_EXERCISE DATA_
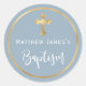 Modern Gold Cross Light Dusty Blue Boy Baptism Round Sticker. This modern baptism favor sticker can be used on wrapped gifts, favor bags and is a great way to thank your baptism or christening guests.
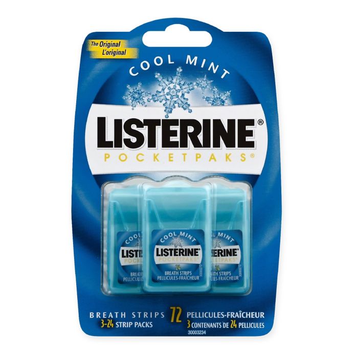 Listerine cool mint pocketpaks breath strips 12 pk 24 ct. Listerine pocketpacks breath strips 24 ct 12 pk are your first line of defense in the battle against embarrassing bad breath. They have a fresh taste accompanied by germ killing power that leaves your breath fresh and you with more confidence. Refresh your mouth with listerine cool mint pocketpaks breath strips 72 strip pack. Listerine cool heat pocketpaks breath strips for oral care kills bad breath germs to freshen breath cinnamon flavor 24 strip pack 3 pack pack of 6 4 8 out of 5 stars 87 26 83.
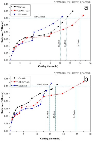 During the experiments, the average flank wear VB versus the cutting time for each tool at a cutting speed of 80 m/min under dry and the MQL condition was measured and is depicted in Figure 9. Under the dry condition, the diamond tool underwent the longest initial wear stage and a small period of the steady stage. At the time of 4 min, the diamond coating on the cutting edge desquamated and the substrate with lower strength compared to the carbide tool (the result of coating pre-processing) participated in the cutting process. As a result, the tool wear accelerated and the shortest wear period among the three tools was obtained. This is understandable because the highest cutting force and temperature of the tool (shown in Section 3.1) result in oxidization and graphitization of the coating material. It also can be seen from Figure 8 that at the time of 8 min, the tool wear of Al2O3/TiAlN-coated tool suddenly got into the intensive wear stage, which is the result of the coating peeling off and cutting edge breakage as mentioned in Section 3.2. However, the Al2O3/TiAlN-coated tool still obtained the longest wear period, which indicates that the coating is suitable for the TC11 turning process under the cutting condition of this paper. From the result in Section 3.2, we can see that, under the MQL condition, the diamond-coated tool still failed because of the coating peeling. However, the steady wear period of the diamond tool was prolonged to the time about 12 min, before which the wear of the tool is quite low. The effect of MQL on the Al2O3/TiAlN-coated tool was reflected in the lower wear of the initial stage and the longer duration of the steady wear stage. Besides, from both the curve and result in Section 3.2, we can infer that MQL has the effect of avoiding edge breakage and coating peeling through decreasing the force impact and temperature.
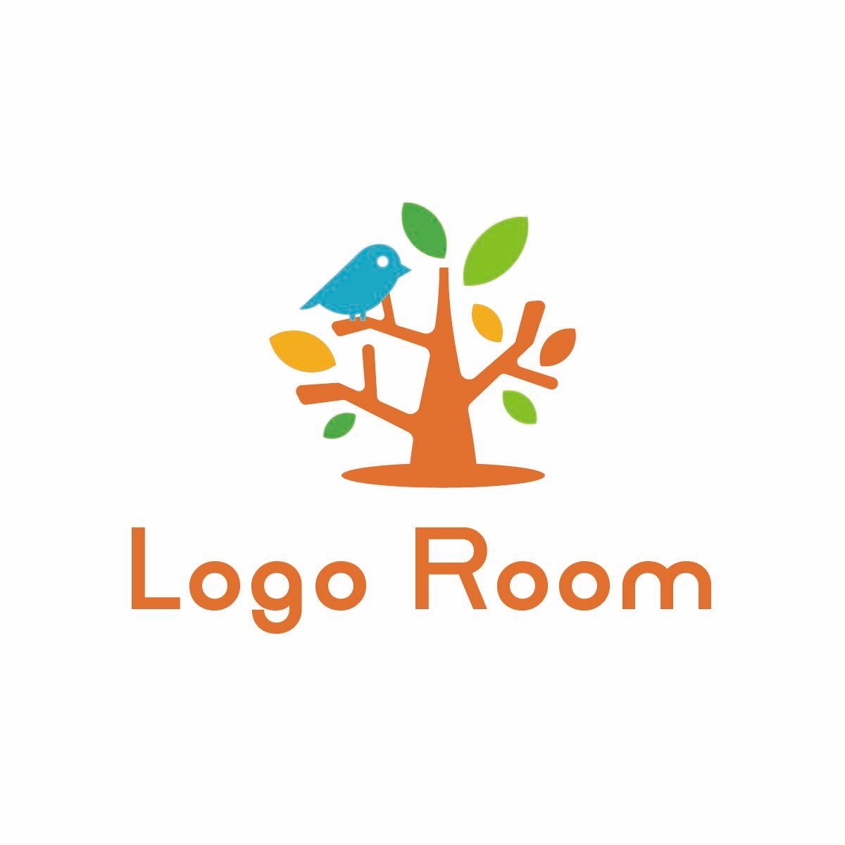 No366 木と青い鳥のロゴ【木、鳥、明るい、親しみ、可愛い、ポップ、クリニック、歯医者、保育、教育、ショップ、販売、商品】 | 格安ロゴ販売・著作権譲渡込み|店舗・会社のロゴデザイン LogoRoom
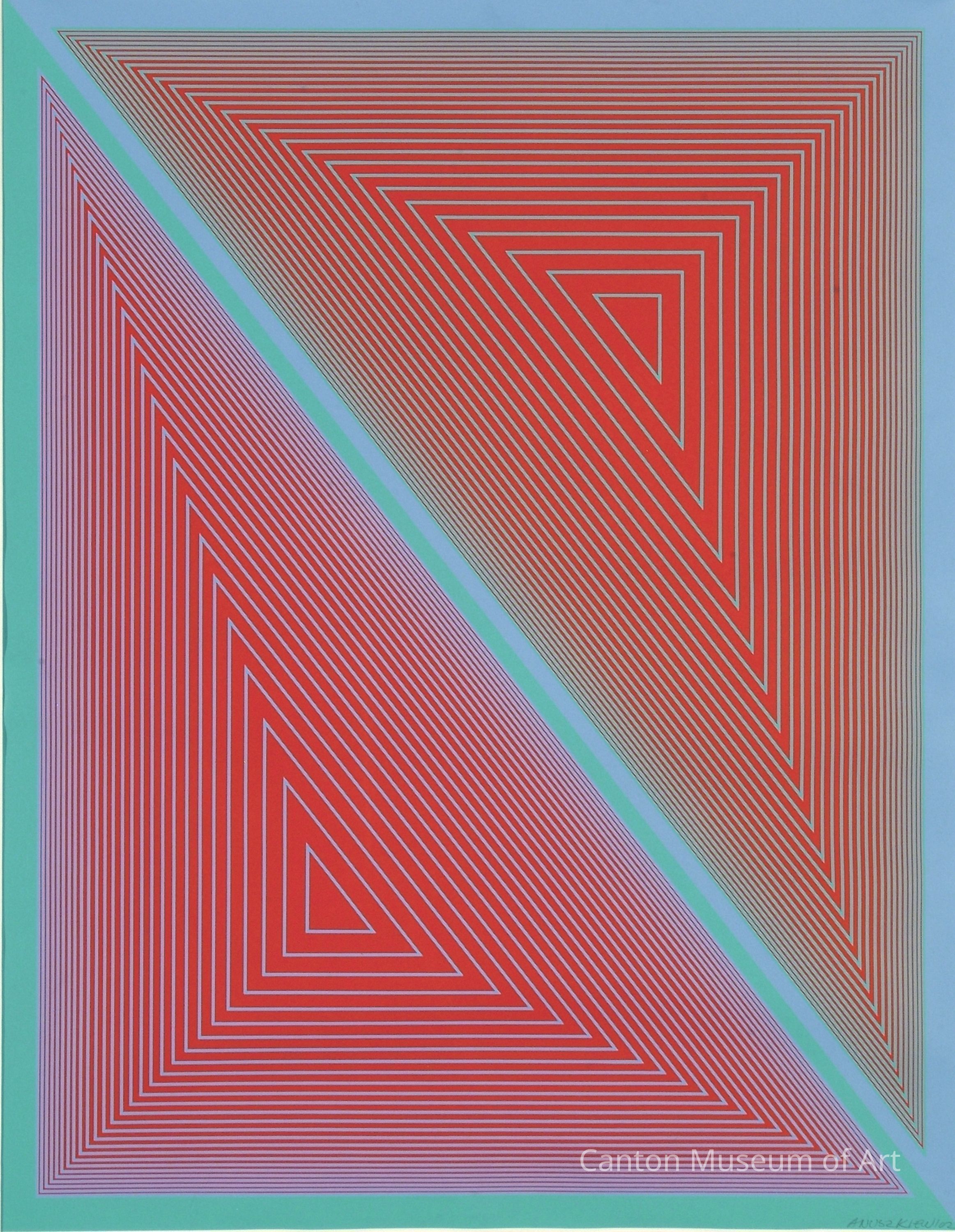 "Led to Believe," depicted here, is one of ten optical screenprints from a portfolio by Anuszkiewicz that he titled "Inward Eye." Anuszkiewicz created the "Inward Eye" portfolio in 1970 after a friend told him that his work reminded him of the 18th century poet and artist William Blake. Anuszkiewicz felt a connection to Blake, a man whose sentiments mirrored his own, possessing a scientific approach while still conveying feelings. With names like "Burning Bright," "Divine Body," and "Sun’s Light," the pieces from Anuszkiewicz’s "Inward Eye" portfolio challenge viewers to gaze upon them to “hold infinity in the palm of your hand,” in the words of Blake. Each of the ten serigraphs in "Inward Eye" contain two excerpts from Blake’s writings. Anuszkiewicz selected texts that support Blake’s core belief that human beings achieve divinity when released from their limitations.
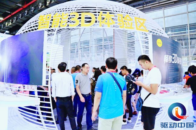 ivvi展厅以黄色为主色调进行布局,以黑色为辅进行衬托。多面支撑的展厅极具科技气息。与主体展厅相对应的是智能3D体验区,这个体验区是类似于鸟笼状的球形网状立体结构。所谓绿叶配红花,ivvi展厅展示的主体便是多款智能3D终端和体验设备,在ivvi展厅等候体验的参会者络绎不绝。
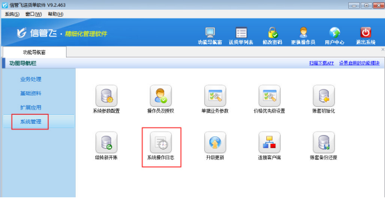 在功能導航窗點“系統管理”—》“系統操作日志”即可進入系統操作日志界面,如下圖2所示:
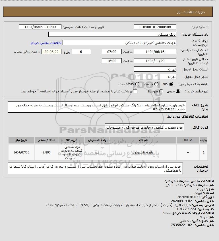 | 1 | -- | پارچه فاستونی | متر | مواد معدنی، گیاهی و جانوری غیرخوراکی و منسوجات | 2,800 | 1404/07/05 |
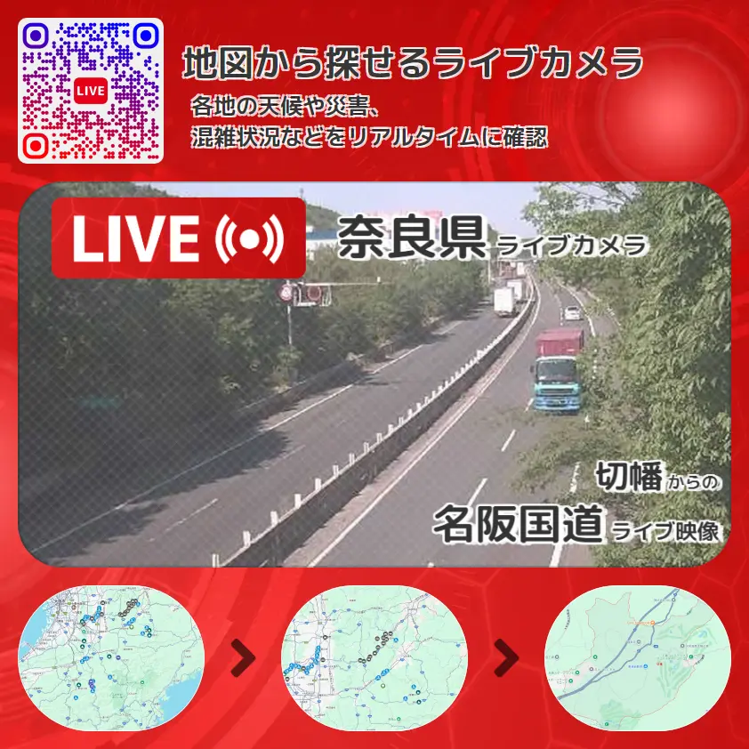 名阪国道(国道25号バイパス)の他に、高速道路(高速自動車国道に並行する一般国道自動車専用道路)や周辺の気象状況も併せてチェックすることが可能で、台風・大雨・地震などの災害による被害状況も把握することができます。
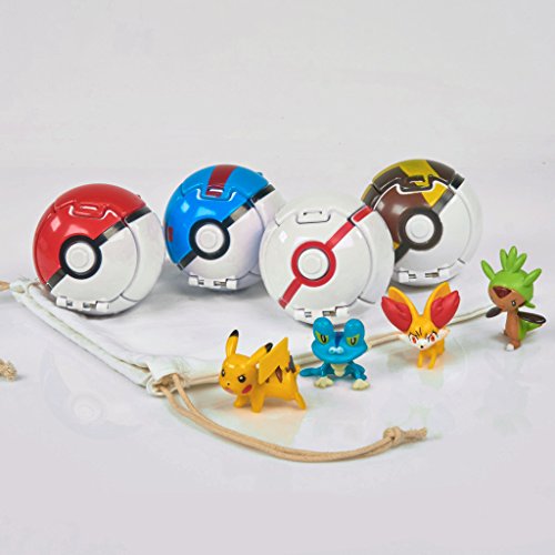 Practice Your Training Skills! Toss the Pokéball onto any hard surface, upon impact it pops open, launching the figure into battle! Set includes: Pokemon compatible balls, carry pouch and 4x 2" Anime action figures
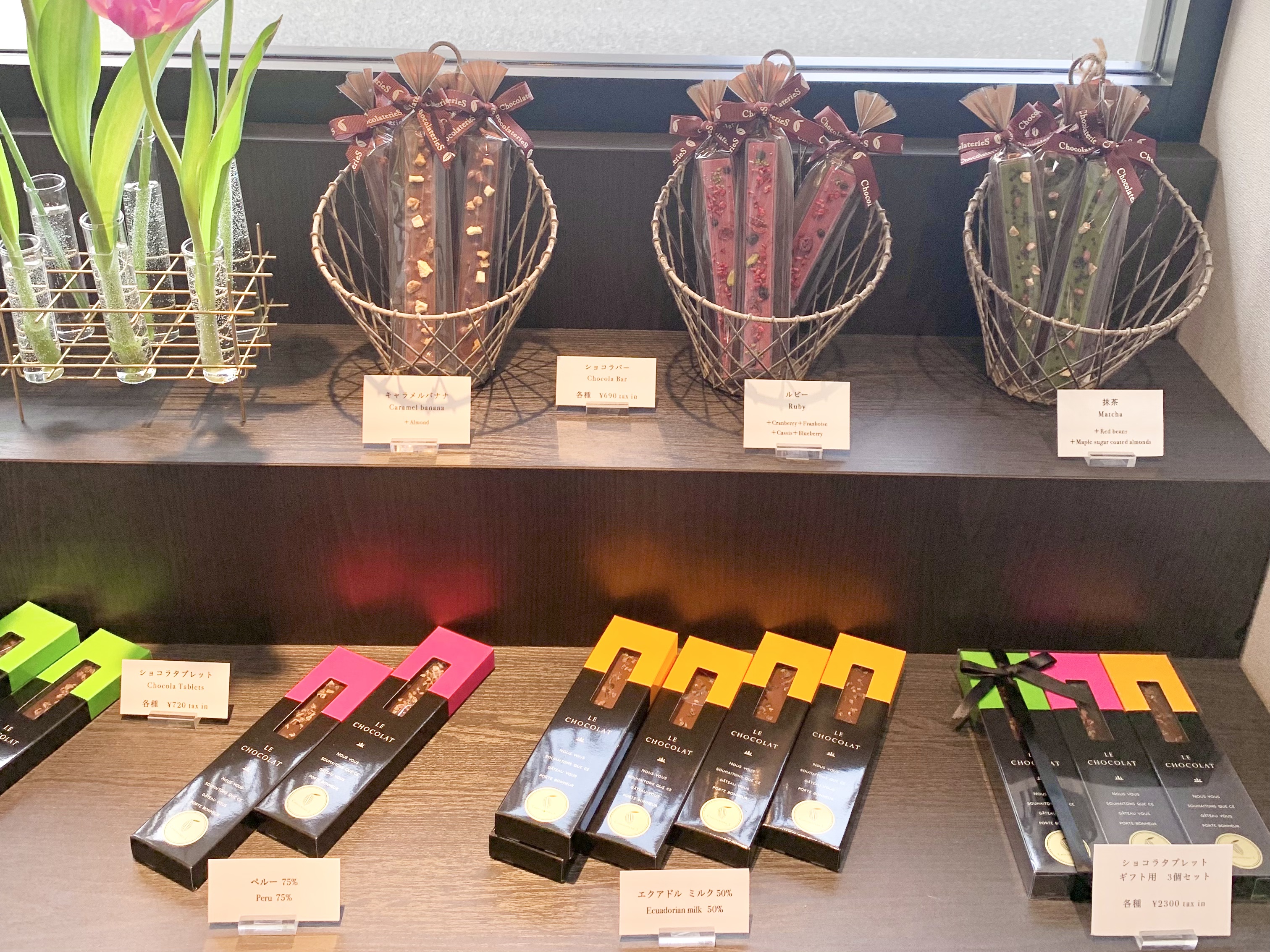 お花のディスプレイもある店内にはチョコバーなどもありました。
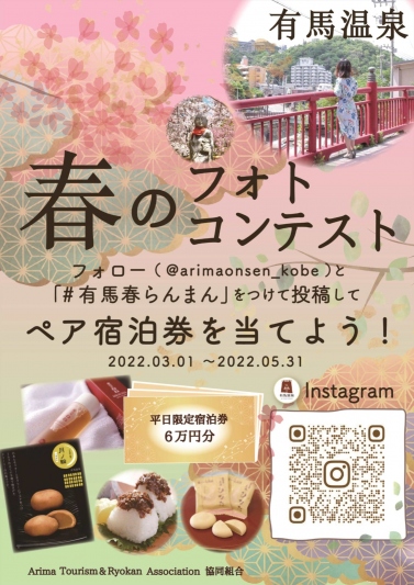2022.03.01 お知らせ 『有馬温泉 春のフォトコンテスト』開催中 有馬温泉のインスタグラム(arimaonsen_kobe)にて春のフォトコンテストを開催しております。 ★今回のテーマは「#有馬春らんまん」です。 最優秀賞に選ばれた方には、豪華景品をご用意しております。詳細条件は arimaonsen_kobe をご覧の上、ご応募くださいませ。 Premium lounge "Miya Terrace" プレミアムラウンジ『みやてらす』オープンのお知らせ 記事一覧に戻る
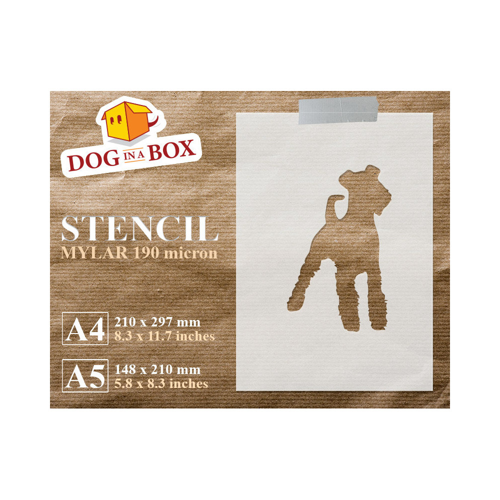 Reusable dog stencil for painting on wood, walls or fabrics.
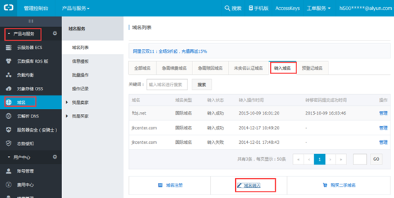 5、登錄阿裏雲/萬網【管理控製台】- 【域名】- 進入【域名轉入】- 填寫需轉入域名(包括後綴)和域名轉入密碼,域名轉入需符合規則 - 選擇一個【已實名認證】的信息模板,點擊【下一步】,提交訂單、立即結算 - 按照流程指引完成即可。如下圖所示:
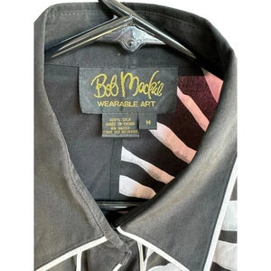 Bob Mackie Women's Black Animal Print Long Sleeve Button Down Silk Shirt Size M
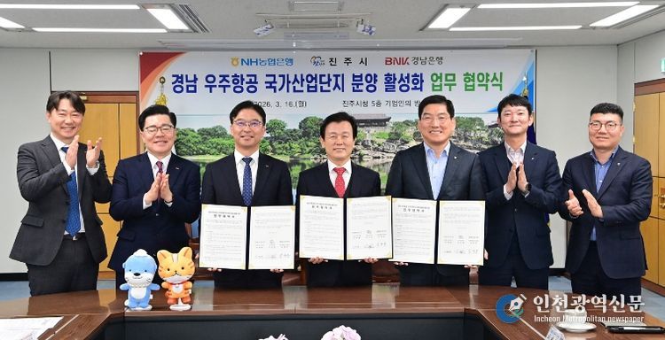 [인천광역신문] 관리자 기자 | 진주시는 16일 시청 기업인의 방에서 NH농협은행, BNK경남은행과 ‘경남 우주항공 국가산업단지 분양 활성화’를 위한 업무협약을 체결했다고 밝혔다.
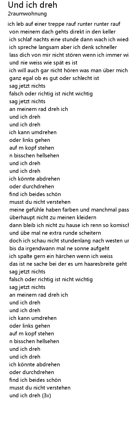 | Song | Und ich dreh |

_PROBLEM DETAILS_
Transcribe exactly the lines from the one containing "Bob Mackie Women's" through the last line of the records above, and nothing else. Leave out the pictures.

_SOLUTION_
 Bob Mackie Women's Black Animal Print Long Sleeve Button Down Silk Shirt Size M
 [인천광역신문] 관리자 기자 | 진주시는 16일 시청 기업인의 방에서 NH농협은행, BNK경남은행과 ‘경남 우주항공 국가산업단지 분양 활성화’를 위한 업무협약을 체결했다고 밝혔다.
 | Song | Und ich dreh |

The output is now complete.